**What you have to do:** Given these entries, repeat exactly the lines starting with the one that has "Wohnfläche 49,3 m2, Nutzfläche" and going on through the one that has "My friend Sean", both included, but none of the pictures.

===== Listed records =====

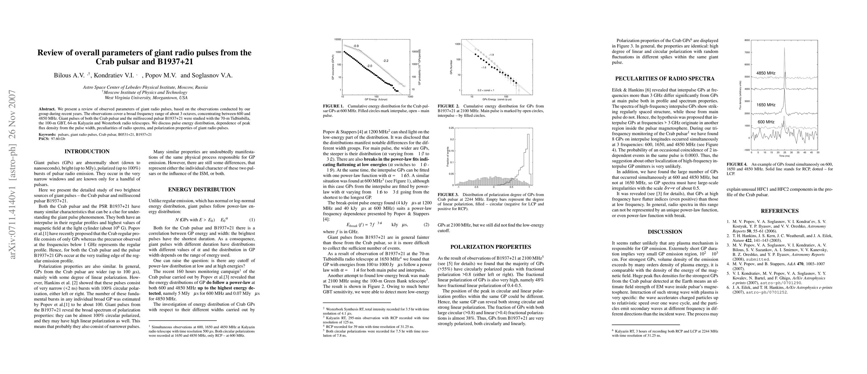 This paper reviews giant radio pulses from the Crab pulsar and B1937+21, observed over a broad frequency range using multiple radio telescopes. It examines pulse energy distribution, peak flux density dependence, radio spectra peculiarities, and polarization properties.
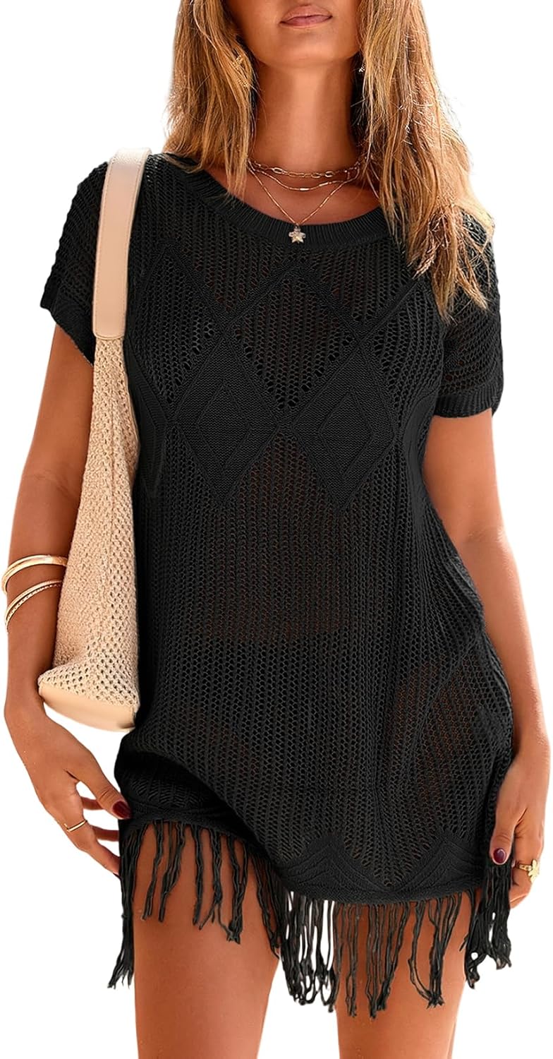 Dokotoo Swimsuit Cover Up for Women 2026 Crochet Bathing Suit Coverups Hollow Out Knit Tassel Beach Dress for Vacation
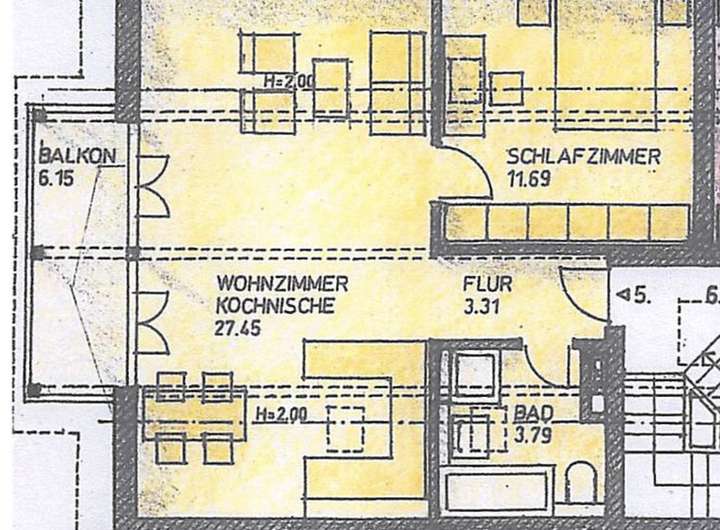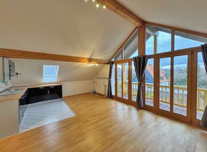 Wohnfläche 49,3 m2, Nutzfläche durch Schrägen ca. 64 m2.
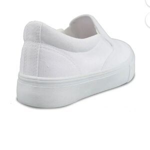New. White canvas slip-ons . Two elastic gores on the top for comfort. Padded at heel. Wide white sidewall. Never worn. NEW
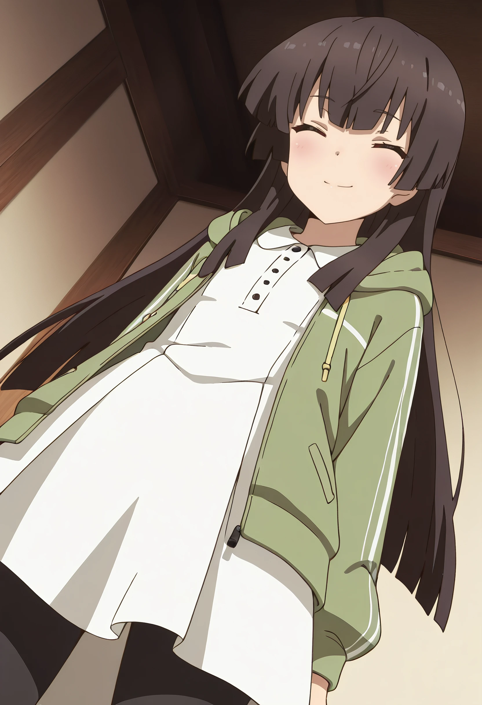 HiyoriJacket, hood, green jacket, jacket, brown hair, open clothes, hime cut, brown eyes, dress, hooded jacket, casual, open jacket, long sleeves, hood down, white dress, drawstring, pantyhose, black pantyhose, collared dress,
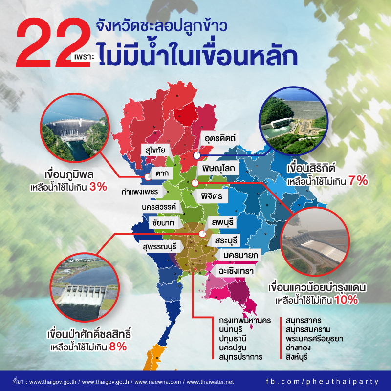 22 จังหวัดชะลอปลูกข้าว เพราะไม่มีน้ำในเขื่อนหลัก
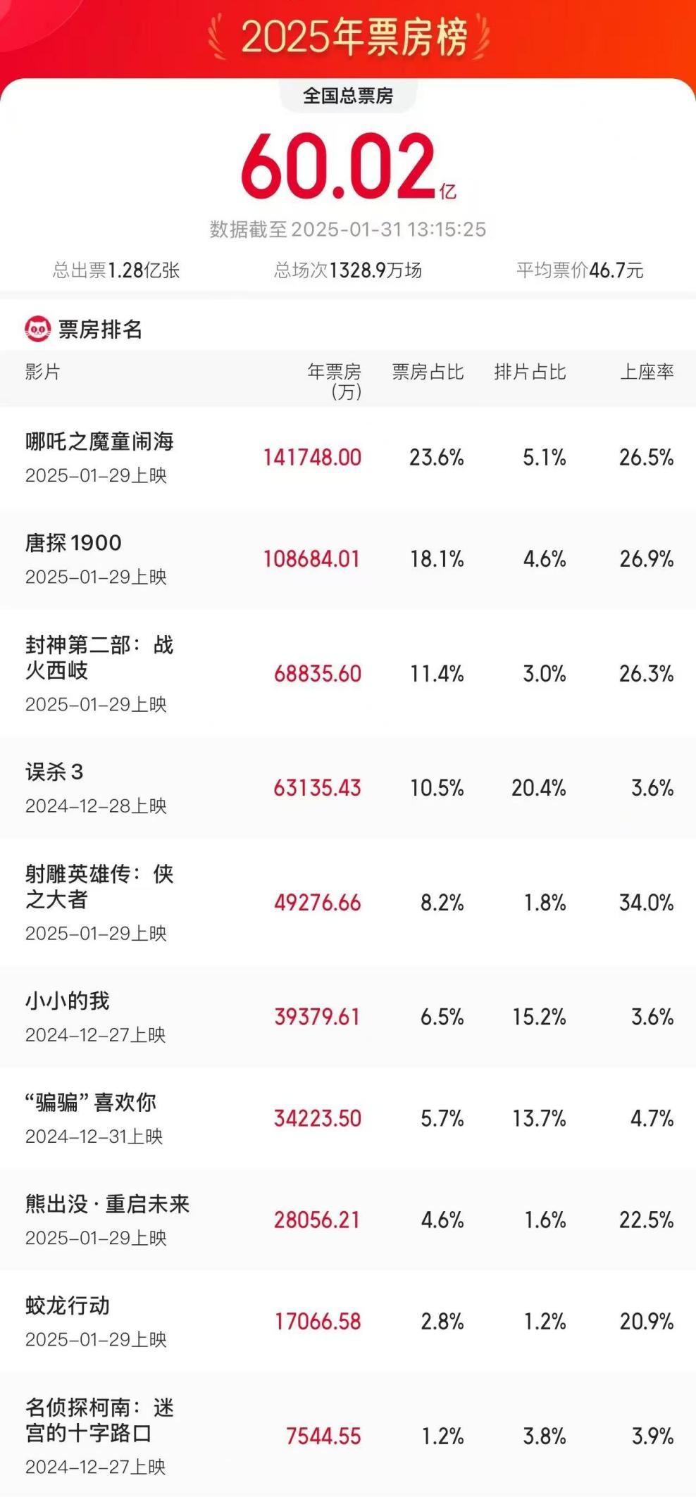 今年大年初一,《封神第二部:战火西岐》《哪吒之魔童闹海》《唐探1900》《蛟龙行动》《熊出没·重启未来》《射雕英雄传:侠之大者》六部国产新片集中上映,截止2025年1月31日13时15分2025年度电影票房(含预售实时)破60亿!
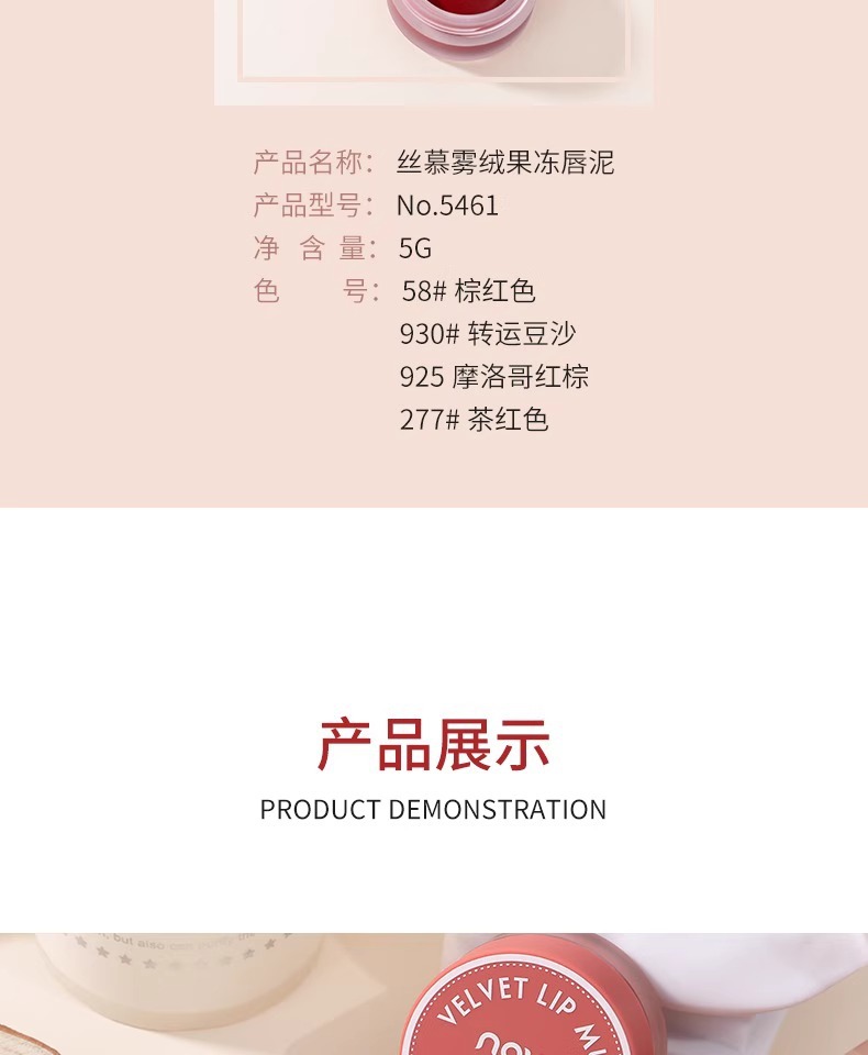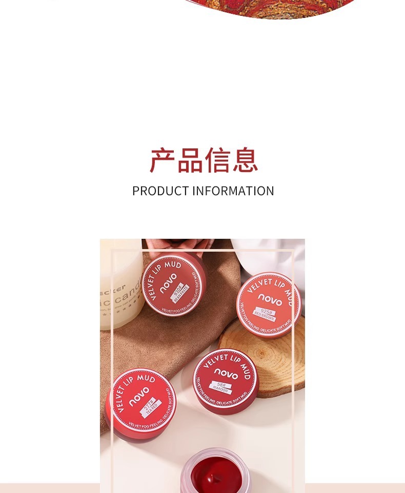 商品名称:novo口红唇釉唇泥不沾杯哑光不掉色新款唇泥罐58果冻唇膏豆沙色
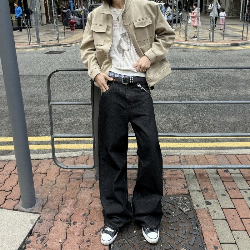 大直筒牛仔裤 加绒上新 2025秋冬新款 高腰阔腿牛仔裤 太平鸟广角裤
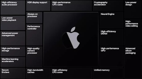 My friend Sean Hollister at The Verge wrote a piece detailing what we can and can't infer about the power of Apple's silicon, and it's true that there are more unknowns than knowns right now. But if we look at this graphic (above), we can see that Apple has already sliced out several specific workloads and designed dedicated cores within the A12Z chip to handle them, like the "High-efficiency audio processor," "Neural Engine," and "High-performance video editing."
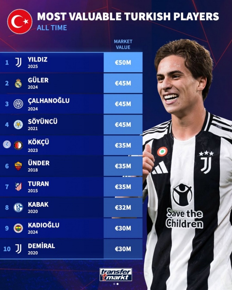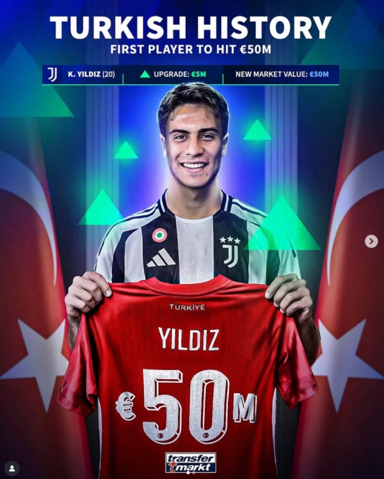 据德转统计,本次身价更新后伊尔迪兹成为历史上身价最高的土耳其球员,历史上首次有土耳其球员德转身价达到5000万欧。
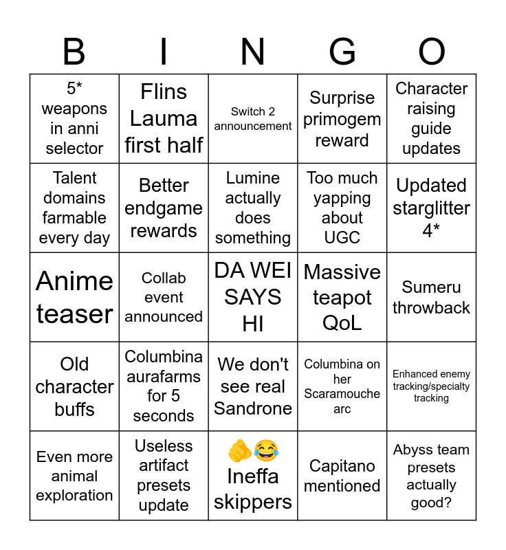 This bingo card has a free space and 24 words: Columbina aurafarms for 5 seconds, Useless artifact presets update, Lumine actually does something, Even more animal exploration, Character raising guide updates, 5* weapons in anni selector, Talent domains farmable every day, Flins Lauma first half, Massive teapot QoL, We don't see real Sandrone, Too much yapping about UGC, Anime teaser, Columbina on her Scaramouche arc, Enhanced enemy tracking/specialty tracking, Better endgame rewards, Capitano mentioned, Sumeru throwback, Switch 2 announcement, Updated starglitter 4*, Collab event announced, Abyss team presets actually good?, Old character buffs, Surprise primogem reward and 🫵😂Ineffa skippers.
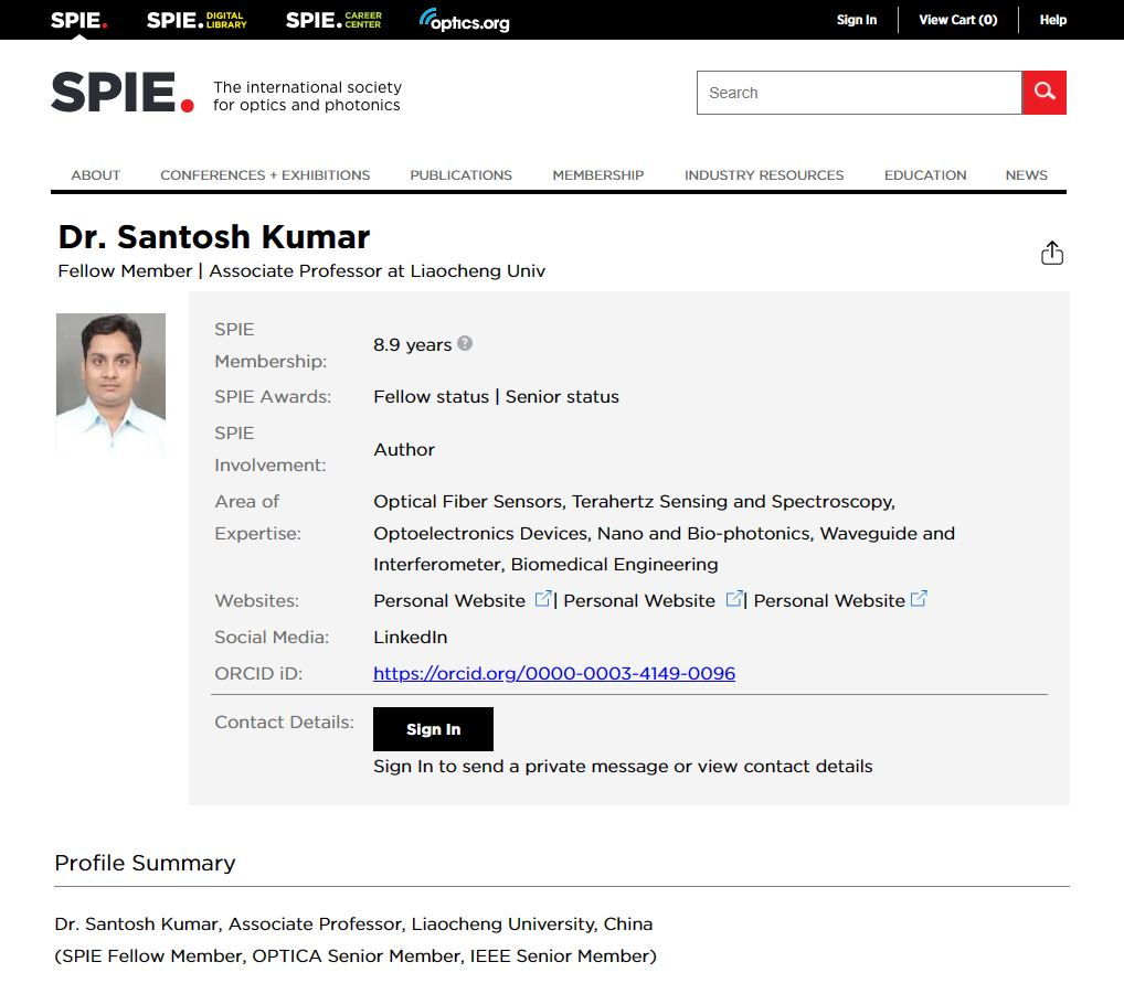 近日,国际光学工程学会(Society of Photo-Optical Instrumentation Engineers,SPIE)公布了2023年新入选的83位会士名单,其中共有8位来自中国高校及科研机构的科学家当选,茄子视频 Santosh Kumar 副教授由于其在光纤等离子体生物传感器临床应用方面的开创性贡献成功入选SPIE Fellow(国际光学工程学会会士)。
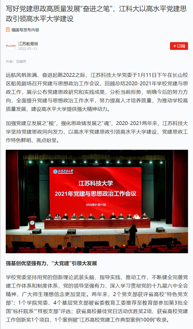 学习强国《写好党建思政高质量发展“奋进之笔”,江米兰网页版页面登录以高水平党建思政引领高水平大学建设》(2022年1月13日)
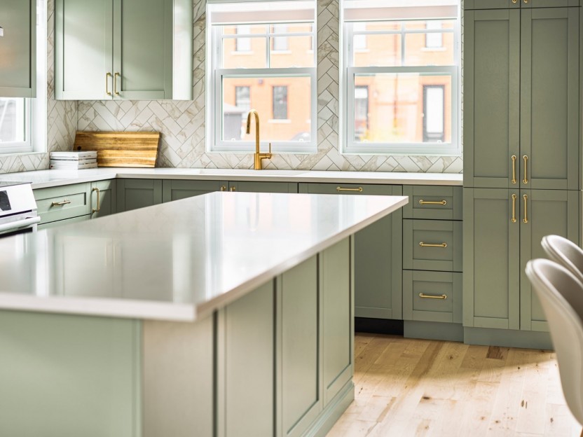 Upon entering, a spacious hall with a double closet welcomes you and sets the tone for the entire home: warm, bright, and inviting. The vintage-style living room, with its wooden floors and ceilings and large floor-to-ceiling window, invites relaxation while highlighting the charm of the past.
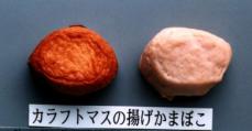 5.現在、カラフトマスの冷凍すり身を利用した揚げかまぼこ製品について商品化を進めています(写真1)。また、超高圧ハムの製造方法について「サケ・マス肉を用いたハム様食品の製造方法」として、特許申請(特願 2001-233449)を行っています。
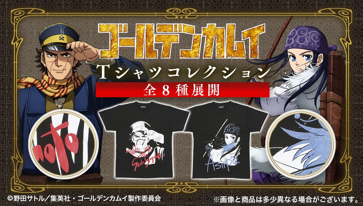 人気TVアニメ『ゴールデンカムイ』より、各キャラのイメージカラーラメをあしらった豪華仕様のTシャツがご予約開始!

=====

**Response:**
 Wohnfläche 49,3 m2, Nutzfläche durch Schrägen ca. 64 m2.
New. White canvas slip-ons . Two elastic gores on the top for comfort. Padded at heel. Wide white sidewall. Never worn. NEW
 HiyoriJacket, hood, green jacket, jacket, brown hair, open clothes, hime cut, brown eyes, dress, hooded jacket, casual, open jacket, long sleeves, hood down, white dress, drawstring, pantyhose, black pantyhose, collared dress,
 22 จังหวัดชะลอปลูกข้าว เพราะไม่มีน้ำในเขื่อนหลัก
 今年大年初一,《封神第二部:战火西岐》《哪吒之魔童闹海》《唐探1900》《蛟龙行动》《熊出没·重启未来》《射雕英雄传:侠之大者》六部国产新片集中上映,截止2025年1月31日13时15分2025年度电影票房(含预售实时)破60亿!
 商品名称:novo口红唇釉唇泥不沾杯哑光不掉色新款唇泥罐58果冻唇膏豆沙色
 大直筒牛仔裤 加绒上新 2025秋冬新款 高腰阔腿牛仔裤 太平鸟广角裤
 My friend Sean Hollister at The Verge wrote a piece detailing what we can and can't infer about the power of Apple's silicon, and it's true that there are more unknowns than knowns right now. But if we look at this graphic (above), we can see that Apple has already sliced out several specific workloads and designed dedicated cores within the A12Z chip to handle them, like the "High-efficiency audio processor," "Neural Engine," and "High-performance video editing."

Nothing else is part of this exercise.